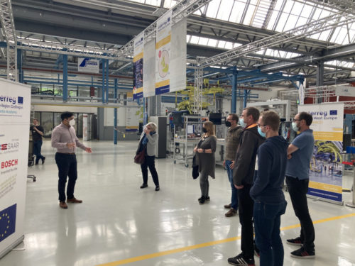 Am 07. Oktober 2021 besuchte eine Gruppe von knapp 15 Betriebsräten und Betriebsrätinnen im Rahmen einer Exkursion der Arbeitskammer des Saarlandes das ZeMA. Die Exkursion fand unter dem Themenschwerpunkt „Künstliche Intelligenz und digitale Transformation“ statt. Nach einer kurzen Vorstellung des ZeMA mit seinen verschiedenen Forschungsfeldern, wurden im Vortrag „Ein Einstieg in die Künstliche Intelligenz“ Grundlagen, Begrifflichkeiten und ein Überblick des aktuellen Stands der Technik sowie Anwendungsbeispiele gegeben. Im anschließenden Rundgang wurden sowohl Anwendungsbeispiele für Künstliche Intelligenz in der Produktion als auch zur digitalen Transformation aufgezeigt. Abschließend wurde über Vor- und Nachteile diskutiert.
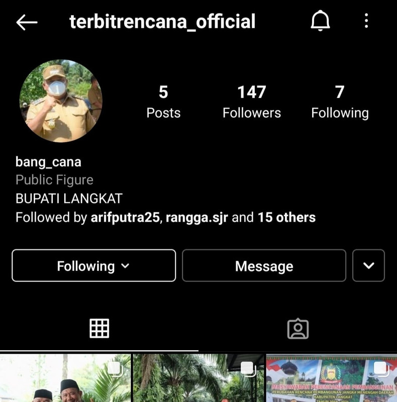 "Jangan mudah percaya dengan chatnya. Akun facebook Bupati yang asli dan resmi hanya bernama "Terbit Rencana Perangin Angin" dan akun instagramnya yang asli bernama "terbitrencana_official". Selain itu, semuanya palsu," tegas Kadis Kominfo.
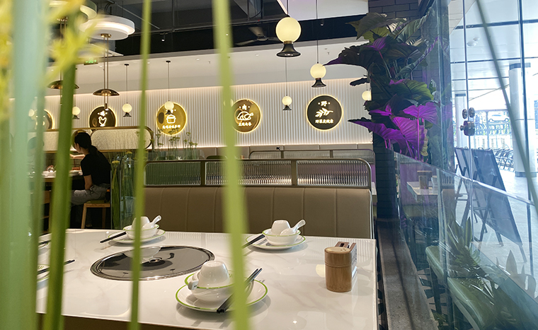 我們想到了磨砂玻璃這一材質,在餐廳立面的隔斷、包間的墻體,我們使用了磨砂玻璃及玻璃方磚,這種材料在燈光照耀下,有一種晶瑩剔透的感覺,用裝飾材料特性表現菜品清湯這一核心特征,打造出時尚清新,通透舒適的空間感受。
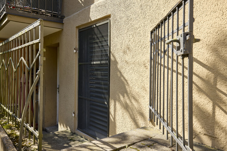 Dieses Vorhaben gelang am Russenweg. Bei der Begehung der Liegenschaft stiess man auf ein in der Ostfassade integriertes Kämmerchen, das seit der Bauzeit bestand. Gedacht war es für die Lagerung von Gartenwerkzeug. «Diese Tür konnten wir entfernen und in der Aussenwand einen Durchbruch erstellen. So erhielten wir die erste notwendige Öffnung, diejenige für das Ausblasen der Luft», erläutert Frederik Brun. Über dem robusten Wetterschutzgitter wurde ein zweites, feineres Gitter montiert. Beide sind schwarz lackiert und fügen sich deshalb unauffällig in die unveränderte Fassade ein.
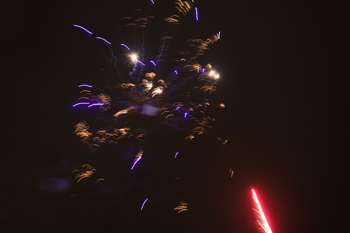 I found on New Year’s Eve that for photographing fireworks it’s not always what you see that adds the most to the overall effect – sometimes the best effect is what is not illuminated.
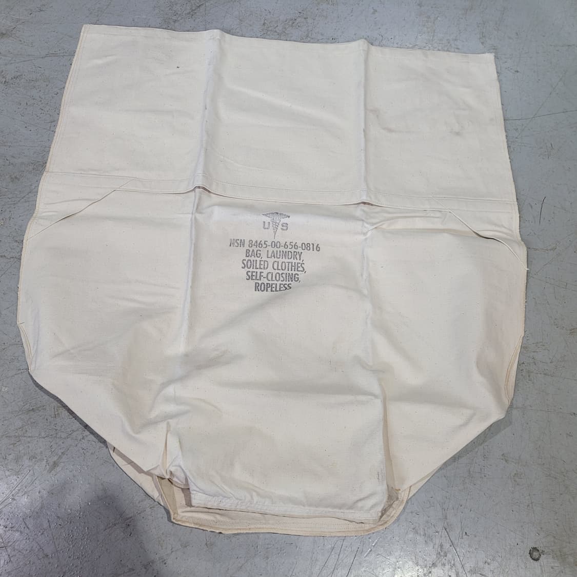 군용 로프리스(Ropeless) 세탁 가방입니다. 군대 막사나 야전에서 군인들이 더러워진 옷이나 침구류를 수집하고 운반하기 위해 설계된 표준 보급품입니다. 독특한 폐쇄 방식 (Ropeless): 일반적인 세탁망과 달리 로프나 끈을 사용하지 않습니다. 입구 부분이 샌드위치 백처럼 접어서 닫히는 구조이며, 상단에 '셀프 클로징(Self-closing)' 밸브가 있어 내용물이 쏟아지지 않게 설계되었습니다. 튼튼한 소재: 거친 환경에서도 견딜 수 있도록 매우 질긴 천연 코튼 덕(Cotton Duck) 캔버스 소재로 제작되었습니다. 크기 및 구성: 약 25인치(63.5cm) 너비에 46인치(116.8cm) 높이의 대용량이며, 운반용 손잡이 2개 달려 있습니다 굉장히 두꺼운 캔버스 소재라 튼튼 합니다 새제품인데 년식이 있어 얼룩이 좀 있습니다
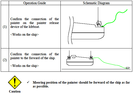 Go up to the stage of the davit system (stage for boarding to the lifeboat).

::::

● **Required work**
A word-for-word reproduction is needed of the lines above from the line containing "tegas Kadis Kominfo." through the line containing "我們想到了磨砂玻璃這一材質,在餐廳立面的", with both ends kept and no pictures.

● **Task result**
 "Jangan mudah percaya dengan chatnya. Akun facebook Bupati yang asli dan resmi hanya bernama "Terbit Rencana Perangin Angin" dan akun instagramnya yang asli bernama "terbitrencana_official". Selain itu, semuanya palsu," tegas Kadis Kominfo.
 我們想到了磨砂玻璃這一材質,在餐廳立面的隔斷、包間的墻體,我們使用了磨砂玻璃及玻璃方磚,這種材料在燈光照耀下,有一種晶瑩剔透的感覺,用裝飾材料特性表現菜品清湯這一核心特征,打造出時尚清新,通透舒適的空間感受。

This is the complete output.